PROVIDED MATERIAL -
__________________________________________________

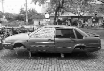 昨天下午,记者首先来到凌兆路济阳路。在距离路口仅十多米的凌兆路南侧人行道上,一辆江西牌照的白色桑塔纳十分惹眼,轿车上布满灰尘,车头的铁皮已经生锈,到处都是破裂的口子,车身上写满了“收购报废车”的小广告。更令人大跌眼镜的是,轿车的四个轮胎已经无影无踪,整个车身仅靠车底下放着的几块砖头支撑着,如果有人稍稍用力推一下,车子就会趴在地上了。
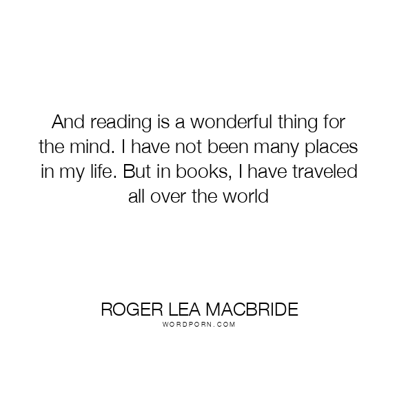 And reading is a wonderful thing for the mind. I have not been many places in my life. But in books, I have traveled all over the world
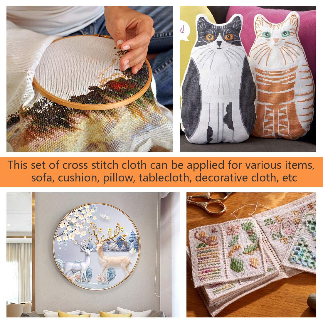 - 【Perfect for DIY】Various embroidery, hanging embroidery, needle embroidery and machine embroidery, perfect for fit your embriodery craft, The Cross stitch embroidery cloth can be applied to various items such as tablecloths, curtains, cushions, pillows, sofas, decorative cloths, etc. It is one of the best choices for various holiday gifts.
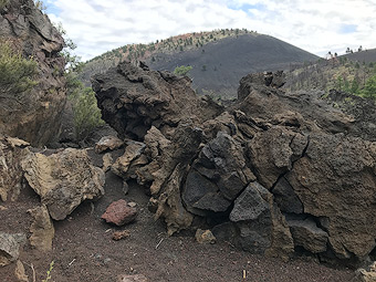 Part of a lava flow from Sunset Crater Volcano in front of the Sunset Crater cinder cone, a small volcano made up of fragments of volcanic rock that were blasted into the air and then fell around the vent..

__________________________________________________

EXERCISE REQUIREMENTS - A word-for-word retyping of the material above is expected, without pictures.

EXERCISE RESULT -
 昨天下午,记者首先来到凌兆路济阳路。在距离路口仅十多米的凌兆路南侧人行道上,一辆江西牌照的白色桑塔纳十分惹眼,轿车上布满灰尘,车头的铁皮已经生锈,到处都是破裂的口子,车身上写满了“收购报废车”的小广告。更令人大跌眼镜的是,轿车的四个轮胎已经无影无踪,整个车身仅靠车底下放着的几块砖头支撑着,如果有人稍稍用力推一下,车子就会趴在地上了。
 And reading is a wonderful thing for the mind. I have not been many places in my life. But in books, I have traveled all over the world
 - 【Perfect for DIY】Various embroidery, hanging embroidery, needle embroidery and machine embroidery, perfect for fit your embriodery craft, The Cross stitch embroidery cloth can be applied to various items such as tablecloths, curtains, cushions, pillows, sofas, decorative cloths, etc. It is one of the best choices for various holiday gifts.
 Part of a lava flow from Sunset Crater Volcano in front of the Sunset Crater cinder cone, a small volcano made up of fragments of volcanic rock that were blasted into the air and then fell around the vent..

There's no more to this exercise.